The present invention relates to a three-axis antenna contained in door keys of automobiles, etc., and a core assembly used therein.
Wireless electronic keys have been getting widely used as door keys of automobiles and houses, engine start keys, etc. For example, in the case of electronic keys for doors, electronic authentication keys carried by humans receive low-frequency request signals from door key apparatuses, and transmit response signals at UHF (ultra-high frequency), so that the door key apparatuses receiving the UHF signals conduct the authentication of IDs. In immobilizers conducting the authentication of engine start, etc., the authentication of Ids is conducted by LF (low frequency) communications. Low frequencies used for transmitting and receiving signals of such electronic keys include not only LF (low frequency), but also VLF (very low frequency) and MF (middle frequency).
Low-frequency-signal-receiving antennas contained in electronic keys for authentication are mainly antennas having coils wound around soft magnetic cores, which exhibit insufficient performance of transmission and receiving depending on the direction because of their directivity. To efficiently detect electromagnetic waves in any three-dimensional directions with reduced directivity, three-axis antennas comprising an X-axis coil, a Y-axis coil and a Z-axis coil in combination are used for electronic keys for authentication.
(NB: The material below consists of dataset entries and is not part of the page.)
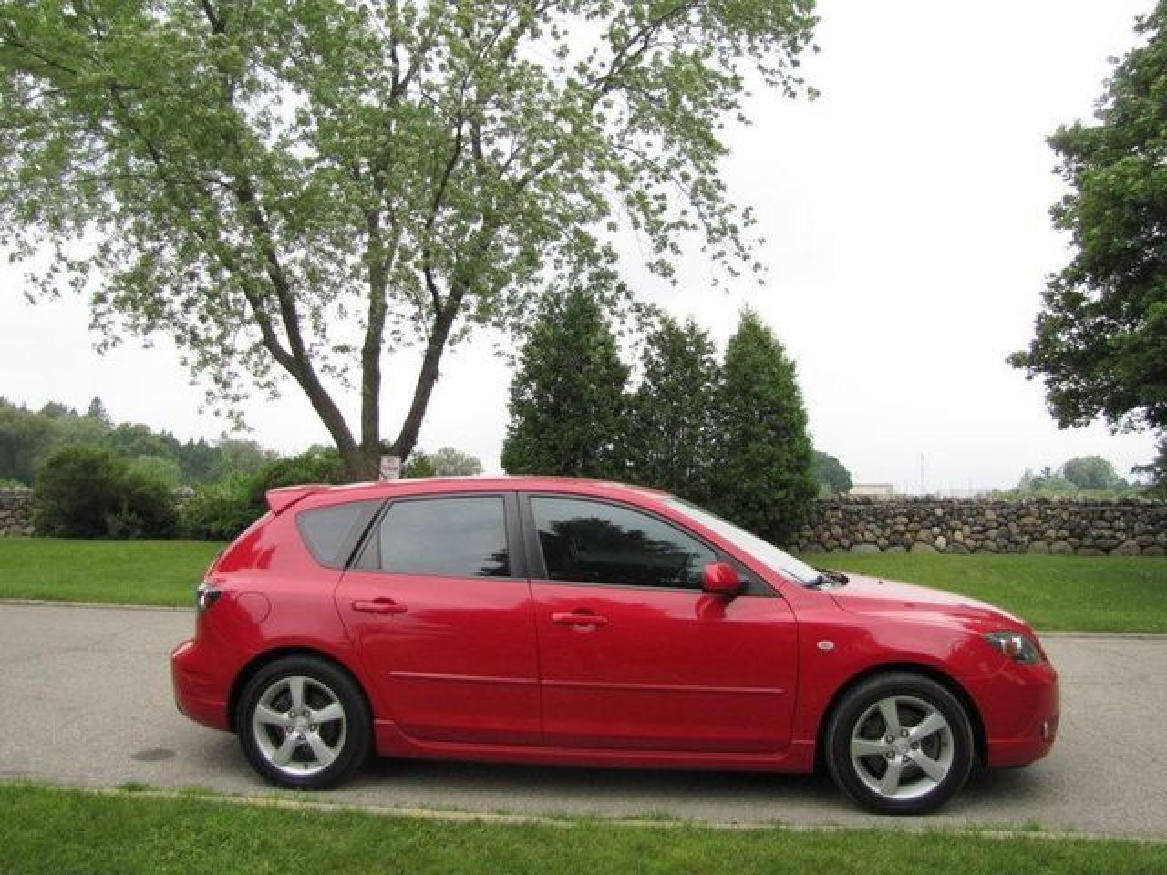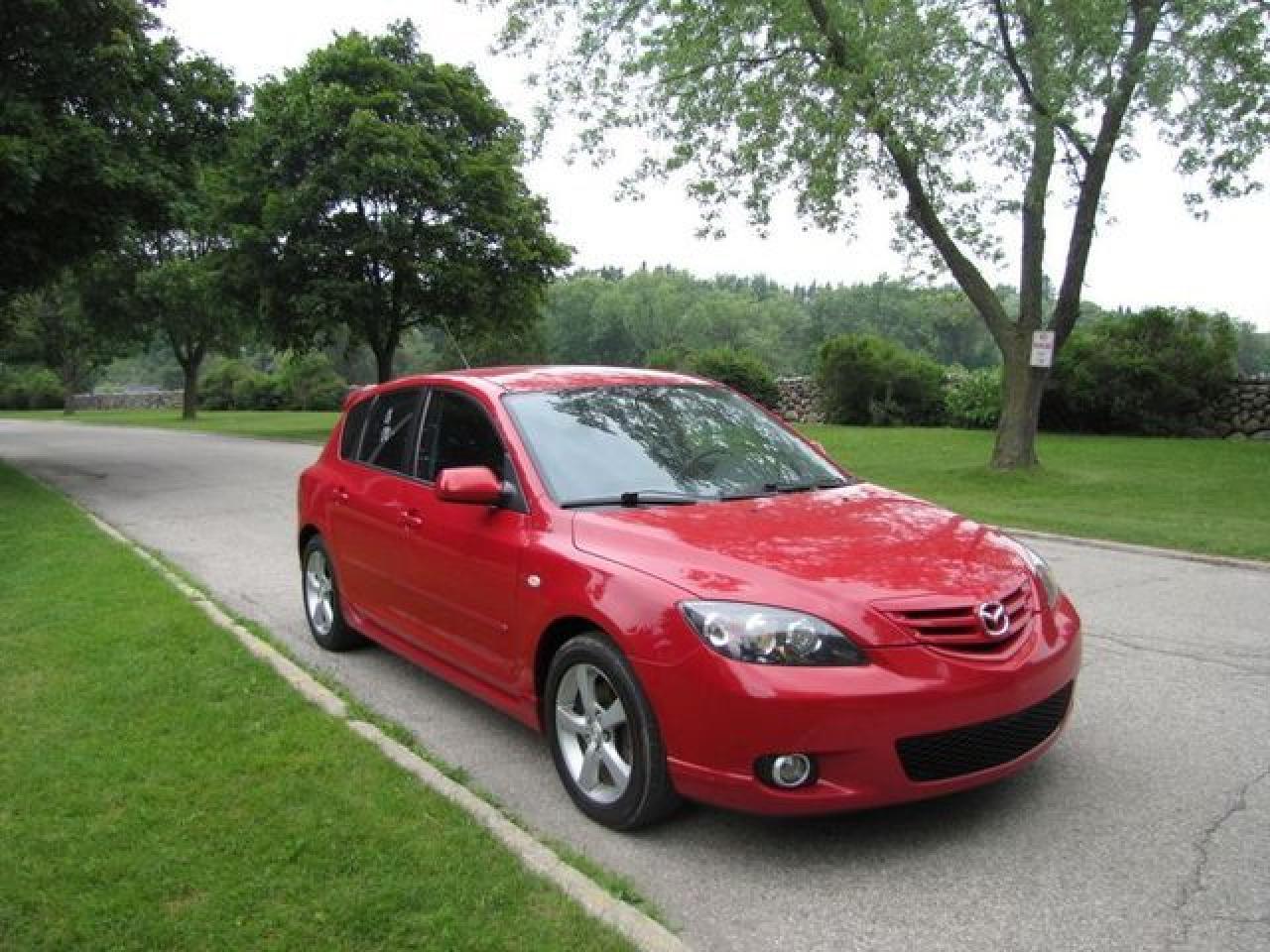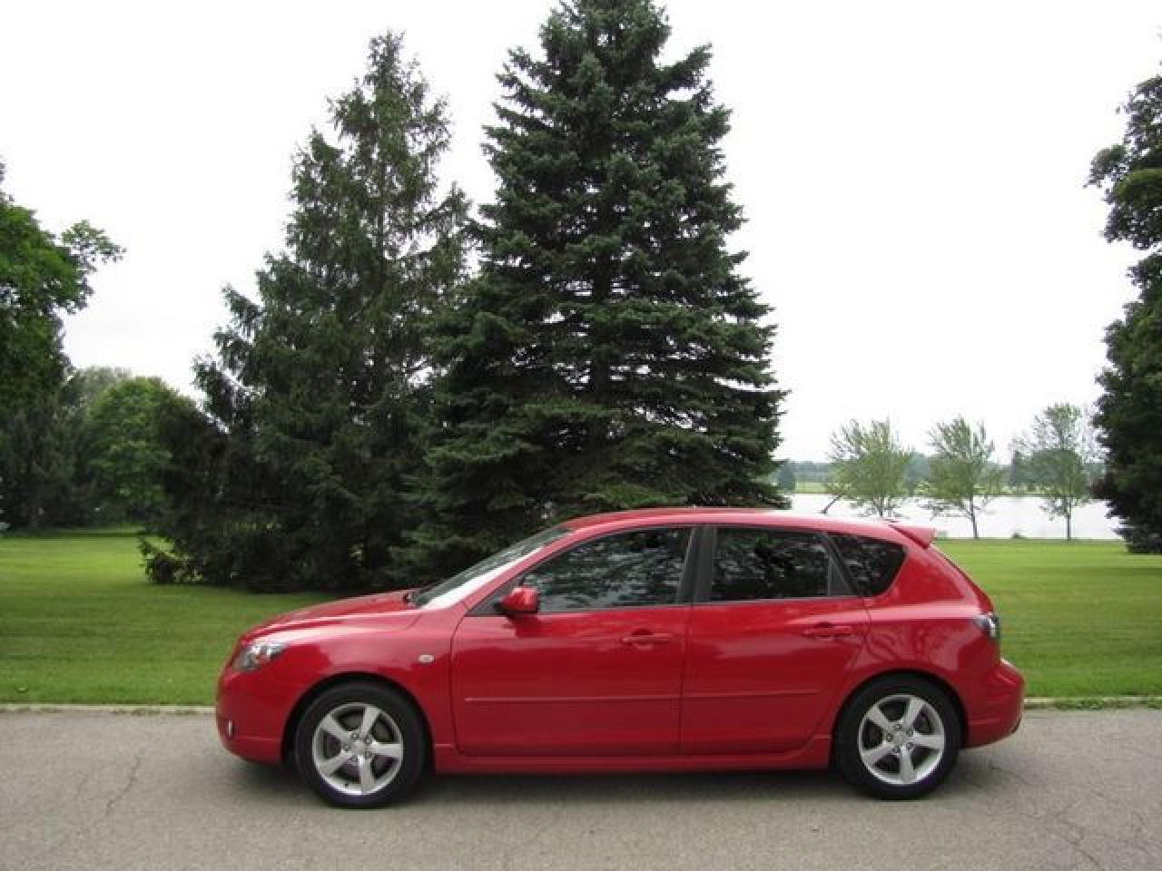 This 2006 Mazda MAZDA3 4dr GS SPORT HATCHBACK SPOILER!! MAZDA LEASE RETURN! Hatchback features a 2.3L L4 DOHC 16V 4 cyl Gasoline engine. It is equipped with a Automatic transmission. The vehicle is Red with a Black Cloth interior. It is offered with the remaining factory warranty. Over 400 BETTER used cars in stock!! PLEASE CALL 1-866-348-8146 5.99% Financing + no payments up to 6 months available on approved credit!! Free Trial Exchange!! A+ Better Business Bureau rating!! Voted Guelph's Favourite dealer 2004-2009!! Since 1961. Taxes, licensing, and $5.00 OMVIC fee are extra. Call for details on our Free Trial Exchange! Thank you for considering Wilsons!!! Please call 1-866-348-8146. - This Mazda is in Excellent overall exterior condition, Excellent overall interior condition, Cloth seats - Air Conditioning, Power Steering, Power Windows, Power Door Locks, Power Mirrors, Clock, Tachometer, Digital Info Center, Tilt Steering Wheel, Telescoping Steering Wheel, Driver Airbag, Passenger Airbag, Keyless Entry, ABS Brakes, Rear Defogger, Intermittent Wipers, AM-FM, Cassette, CD Player, Alloy Wheels, Sport Package, Cloth Interior Surface, Rear Spoiler, Rear Spoiler - Contact The Internet Department at 866-738-6045 or leads@markwilsonsbetterusedcarstc.dealer.com for more information. -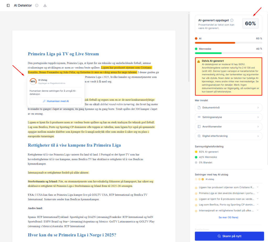 Noen verktøy viser segment-for-segment, slik at du kan se om bare deler av teksten flagges – nyttig i undervisning og redaksjonell kvalitetssikring.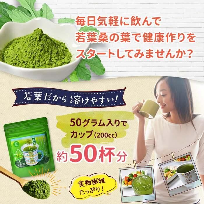 桑の葉の若葉を収穫後、粉末にし、更に独自の焙煎加工を行い、香ばしく飲みやすい風味に仕上げています。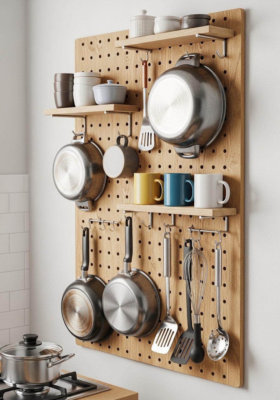 A vertical pegboard turned a blank wall into organized storage for my pots, mugs, and utensils. I used hooks and a small shelf to keep counters clear. This frees up cabinets and brings a workshop-style efficiency to a tiny kitchen. Don’t cram every tool on the board — leave gaps so each item is easy to grab. Pegboards are a smart vertical storage hack that keeps things visible and adds a purposeful, modern look.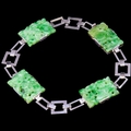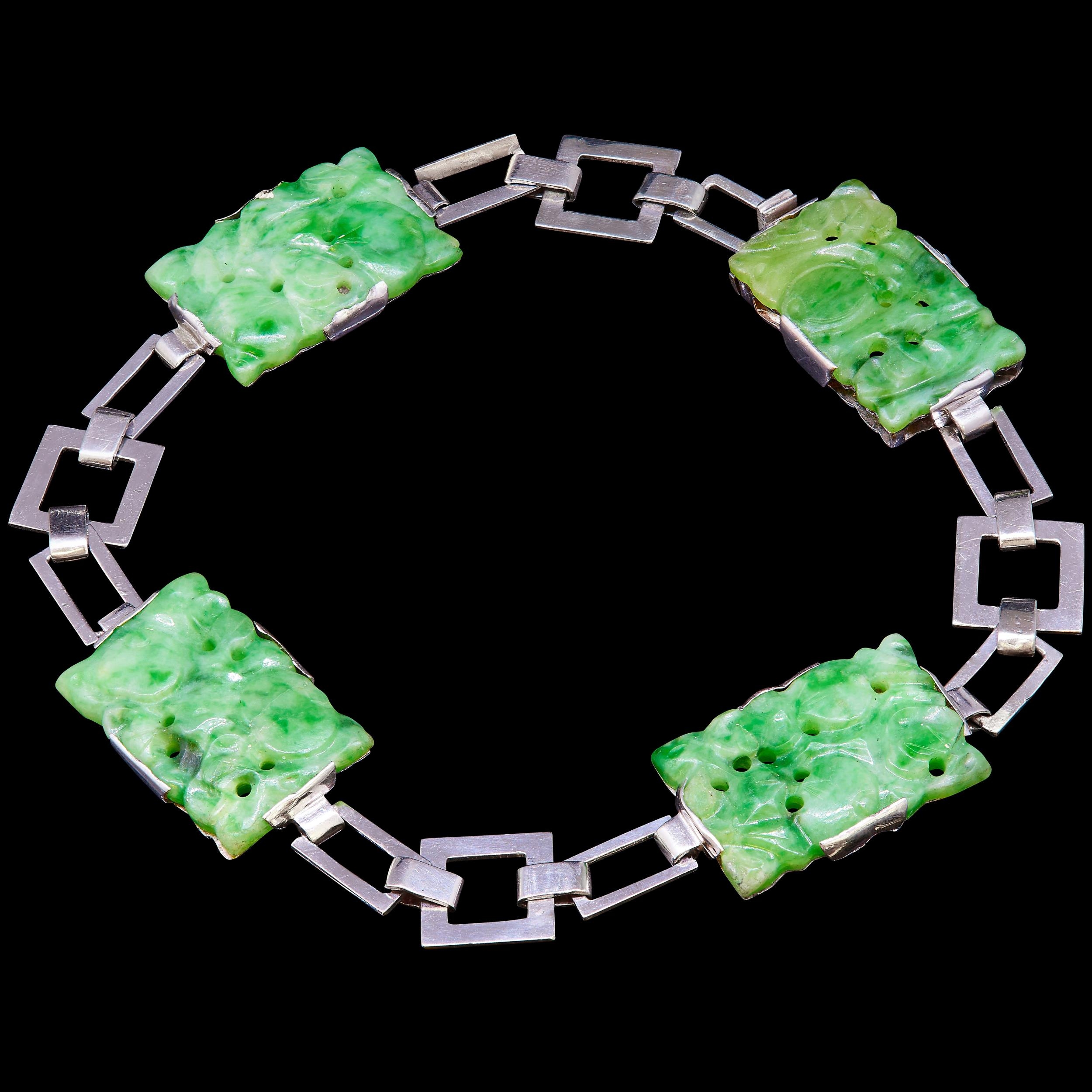 JADE LINK BRACELET, set with 4 green jade plaqyes, carvied with floral decoration. L. 18 cm. 13.1 grams.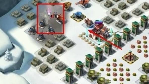 进攻路线上来说,坦克走中路一定不可取,需要对抗4个加农和6个狙击塔。最好是走上路。对抗1个狙击塔和2个加农,这三个建筑是不能被同时冻住的。废了力清理了之后,后面仍然有两个狙击塔保护,防坦克只能做到这了。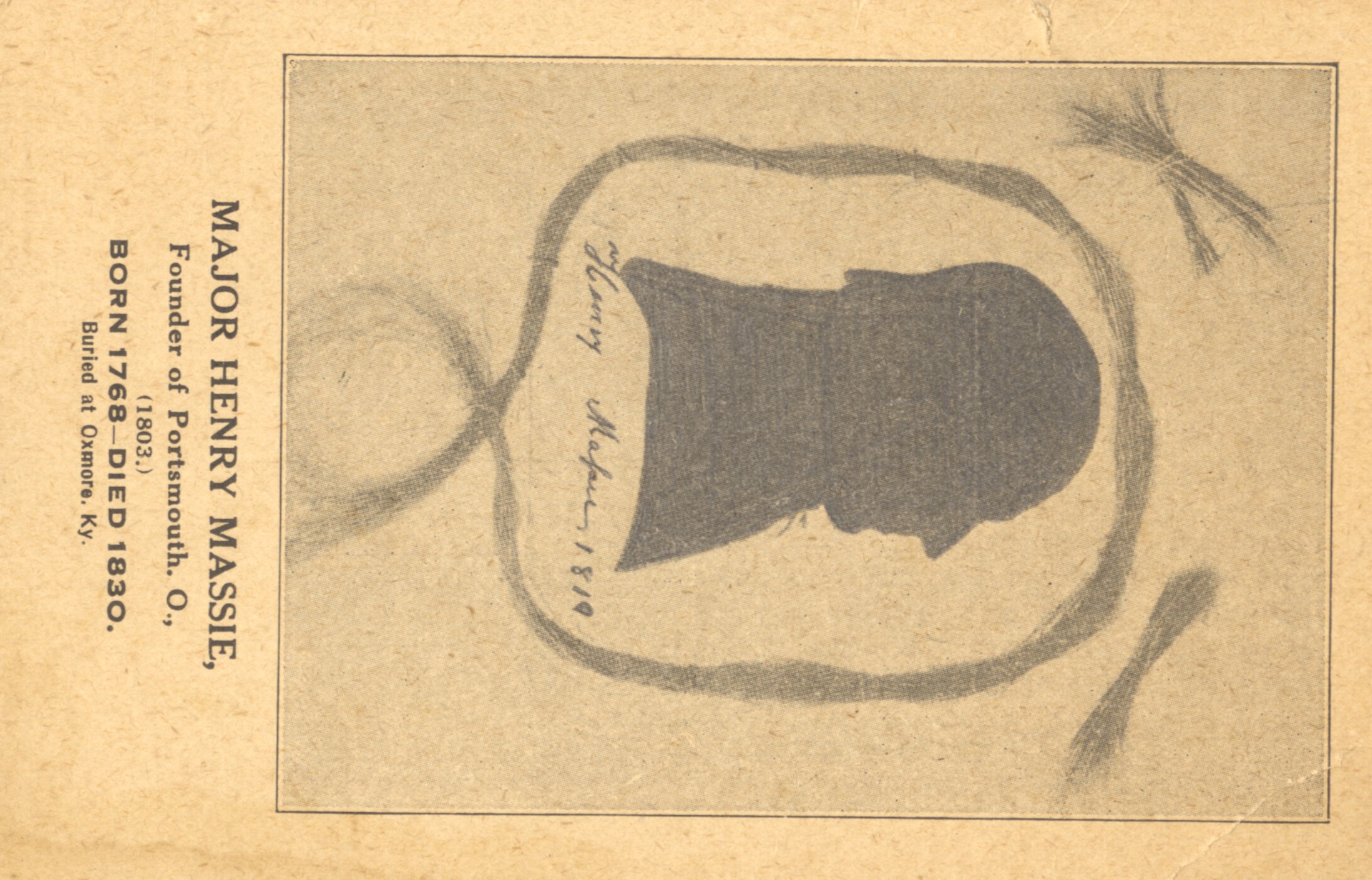 - Major Henry Massie: Credited founder of Portsmouth, Ohio. Born 1768, died 1830. Buried at Oxmore, Kentucky.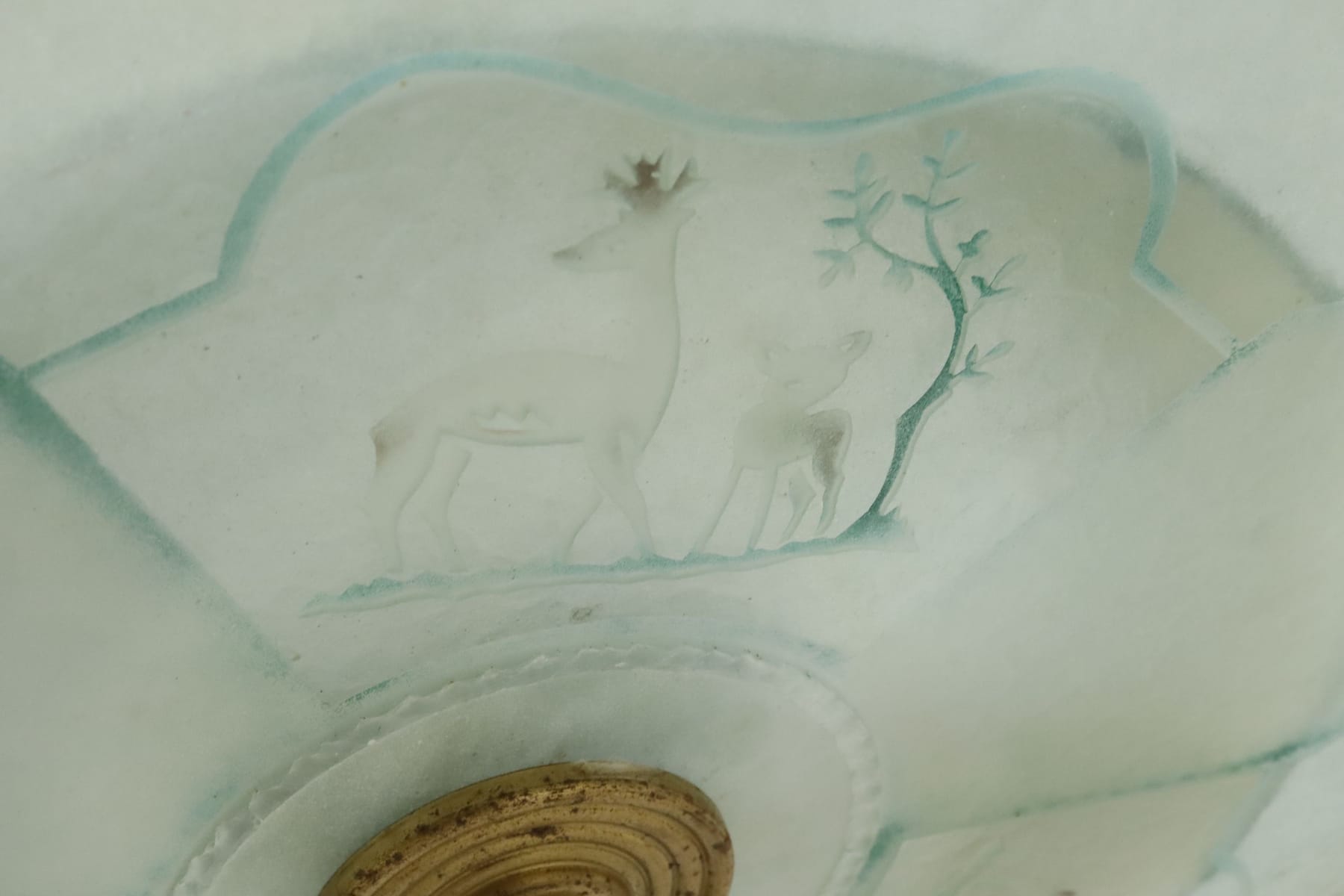 Taklampa, råglas, plafond, med hjortdekor, Swedish modern, 1940-tal.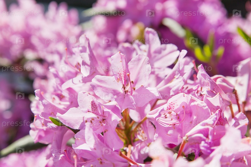 Ярко-розовый рододендрон в саду. Весенний фон с густо цветущим кустарником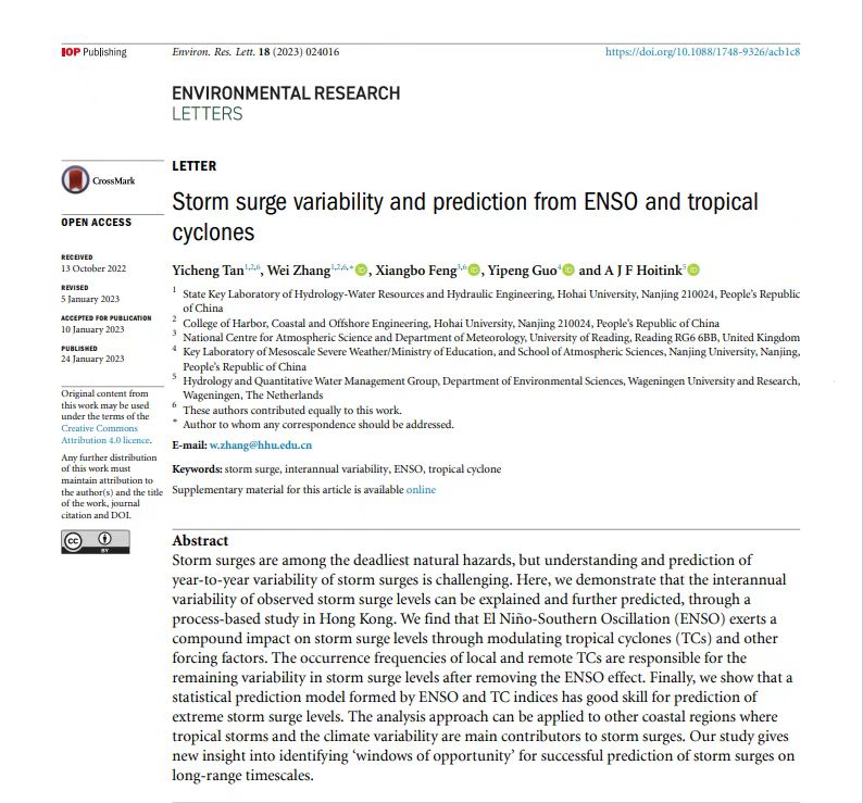 近日,高清av 张蔚教授和英国雷丁大学冯向波研究员以及荷兰瓦格宁根大学Hoitink教授联合指导的2020级博士研究生谭易成在国际权威学术期刊ERL(Environmental Research Letters)(JCR一区,影响因子6.94)上发表了题为“Storm surge variability and prediction from ENSO and tropical cyclones”的学术论文。该研究成果得到了国家重点研发计划“粤港澳大湾区衍生复合灾害评估与应急避险关键技术”的资助,是张蔚教授研究团队近3年来在河口海岸防洪减灾方向发表的又一重要学术进展,为后续展开海陆交互“多碰头”情况下复合洪水灾害研究提供了基础。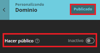 Después de configurar el dominio en CRM, debes activar la opción "Hacer público" y hacer clic en "Publicar" para que Google pueda indexar el contenido del sitio web.

JP 2004-015168 A discloses, as shown in
JP 2007-151154 A discloses, as shown in
Accordingly, an object of the present invention is to provide a thin, three-axis antenna having high receiving sensitivity in a small installation area, which can be inexpensively produced because of using press-moldable cores, and a core assembly used therein.
The core assembly for a three-axis antenna according to the present invention comprises
a first core member comprising a body around which an X-axis coil and a Y-axis coil are wound, and flanges integrally and diagonally extending from the body;
a second core member comprising a body around which an X-axis coil and a Y-axis coil are wound, and flanges integrally and diagonally extending from the body; and
a bobbin comprising an annular portion and projections integrally and diagonally extending therefrom;
the projections of the bobbin being provided with terminal members connected to the ends of the X-axis coil, the Y-axis coil and the Z-axis coil;
the annular portion of the bobbin functioning as a space for disposing the first core member from one side, and receiving at least part of the body of the second core member from the other side, such that the body of the first core member and the body of the second core member are at least partially adjacent to each other; and
a space for winding the Z-axis coil being provided between the projections of the bobbin and the flanges of the first or second core member.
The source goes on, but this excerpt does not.